Tom Garrison: [00:37:43] Wow. So let me just ask you right now. So what what’s on the top of your list? What would you w. And maybe by genre even.
Will Hurd: [00:37:54] Well, so, so I’ll answer this way. The movie, I will watch if it’s on is “Gladiator” with Russell Crowe. I think that is a fantastic movie. I think Joaquin Phoenix, and it was pretty amazing. I think objectively one of the best movies of all time, um, was “Casablanca.” And you know, that, that, you know, it’s like, I’m not trying to be some film buff by saying that no, it’s just a good movie. And it holds up 50 years later. And having served, um, overseas and, and, and in dangerous places, I have a new appreciation for it. I love action movies. Uh, some obscure ones that some people may or may not have seen “A Long Kiss Goodnight” with Gina Davis and Samuel Jackson. That was like a late 90s movie. Excellent. If you like Die Hard that you’ll love that. Another one “Night and Day” with Tom Cruise and Cameron Diaz is a really good. Anyways those are some good ones. That’s off the top of my head. Oh. And I love Marvel movies. I got to give a plug to Marvel. I love Marvel. You know, I’m sad. I have to go like two months before another Marvel production, uh, with “Loki” coming out. So, um, so yeah.
Tom Garrison: [00:39:03] So Camille, what are your what’s on your top of your list for movies?
Camille Morhardt: [00:39:07] Gosh, you know, I’m a little different, I like the, what I would call a little bit weird or different kinds of ones. So you mentioned “Her” and I think for an AI movie, I loved that and I like Joaquin Phoenix too.
Will Hurd: [00:39:21] Oh Camille, have you seen “Lobster?”
Camille Morhardt: No.
Will Hurd: Uh, but like if you had heard or you like were in movies, watch “Lobster.”
Camille Morhardt: [00:39:27] Well I like “Being John Malkovich” [00:39:30] you know, just kind of different, but I didn’t even know it was Cameron Diaz till the end. I was like, how does she change so much? So I enjoyed that, too.
Tom Garrison: [00:39:38] Oh, those were “Her” was I thought interesting. Just, it’s just weird when he falls in love with an AI.
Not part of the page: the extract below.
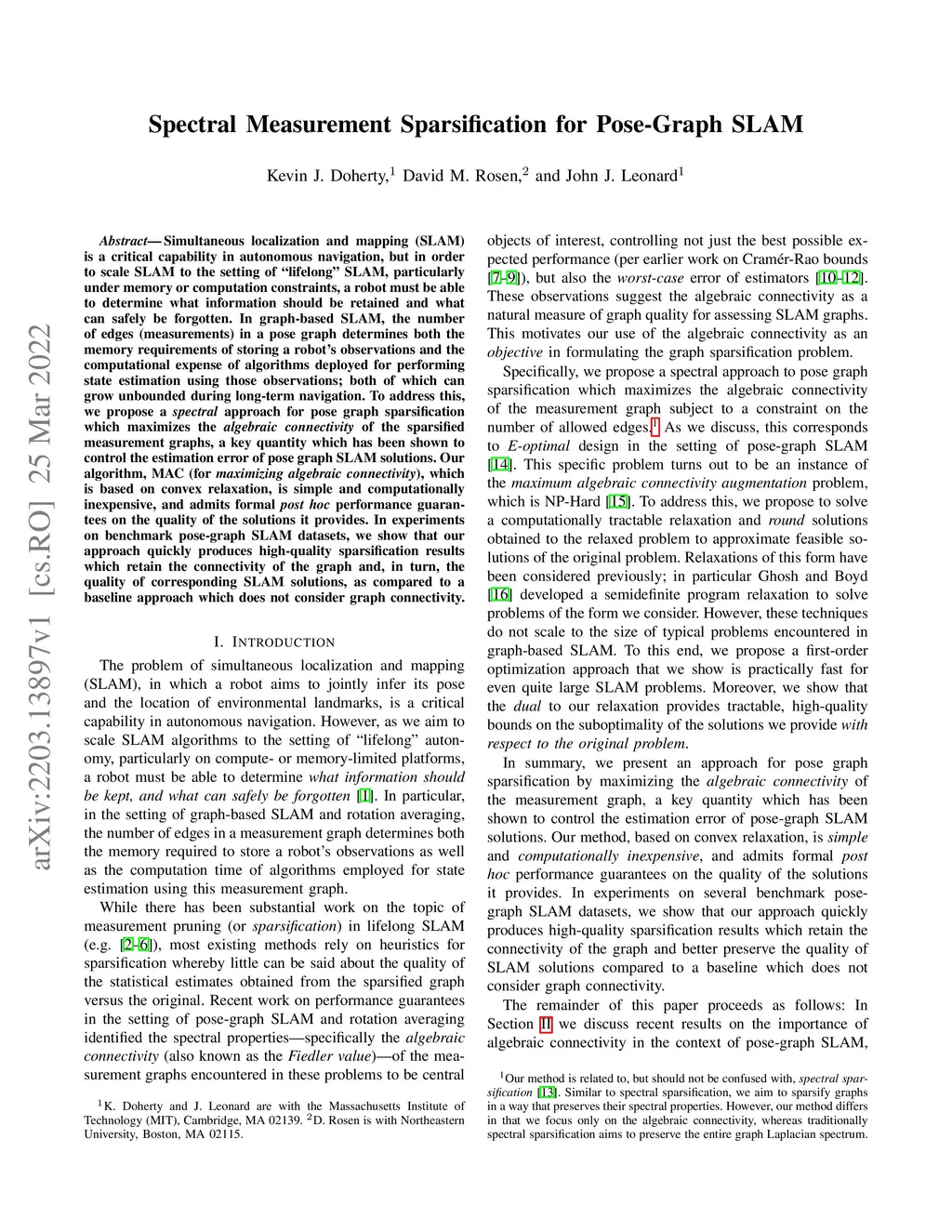 Simultaneous localization and mapping (SLAM) is a critical capability in autonomous navigation, but in order to scale SLAM to the setting of "lifelong" SLAM, particularly under memory or computation constraints, a robot must be able to determine what information should be retained and what can safely be forgotten. In graph-based SLAM, the number of edges (measurements) in a pose graph determines both the memory requirements of storing a robot's observations and the computational expense of algorithms deployed for performing state estimation using those observations; both of which can grow unbounded during long-term navigation. To address this, we propose a spectral approach for pose graph sparsification which maximizes the algebraic connectivity of the sparsified measurement graphs, a key quantity which has been shown to control the estimation error of pose graph SLAM solutions. Our algorithm, MAC (for "maximizing algebraic connectivity"), which is based on convex relaxation, is simple and computationally inexpensive, and admits formal post hoc performance guarantees on the quality of the solutions it provides. In experiments on benchmark pose-graph SLAM datasets, we show that our approach quickly produces high-quality sparsification results which retain the connectivity of the graph and, in turn, the quality of corresponding SLAM solutions, as compared to a baseline approach which does not consider graph connectivity.

Will Hurd: Tom what about you?
Tom Garrison: You said “Ex Machina.” I think “Ex Machina” is a fascinating, fascinating movie. It is not just kind of visually stunning, but it’s just, I can’t give it away because people haven’t watched it, but there is a question at the end that I love. I can’t, I can’t do it. Can’t do it anyway. So my favorite movie hands down. Um, is “Indiana Jones and the Last Crusade.” It’s the number three. It’s the one with Sean Connery in it. And absolutely just love it. Just that sense of adventure and, you know, good guy, bad guy, all that kind of stuff. It was just. I just love that movie anyway. Well, Hey, Will, thank you so much for spending the time with us, uh, you know, your insights and your just your experience is fascinating. You’re such a well-spoken guy as well. So it was a pleasure having you on the panel.
Will Hurd: [00:40:42] Thanks for having me on. Thanks for what y’all do and highlighting these important issues.